*** Opening Collected data ***

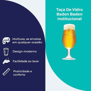 A exclusiva Taça de Cristal Baden Baden é a escolha perfeita para apreciar a sua cerveja favorita com todo o requinte e sofisticação que você merece.
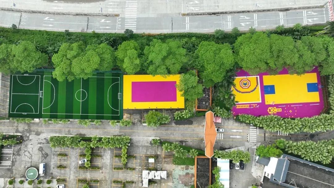 隐藏在树荫下的童趣像素风篮球场、网球场
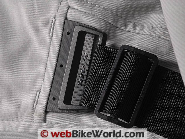 The arms have a single snap adjuster on the forearm, along with a new (for Rev’it) type of upper arm adjuster that cleverly hides the adjustment slider under the arm, which keeps the profile of the jacket looking very sleek indeed.

*** Closing Collected data ***

Exercise directions: Without any of the pictures, reproduce the listing above exactly.

Written answer:
 A exclusiva Taça de Cristal Baden Baden é a escolha perfeita para apreciar a sua cerveja favorita com todo o requinte e sofisticação que você merece.
 隐藏在树荫下的童趣像素风篮球场、网球场
 The arms have a single snap adjuster on the forearm, along with a new (for Rev’it) type of upper arm adjuster that cleverly hides the adjustment slider under the arm, which keeps the profile of the jacket looking very sleek indeed.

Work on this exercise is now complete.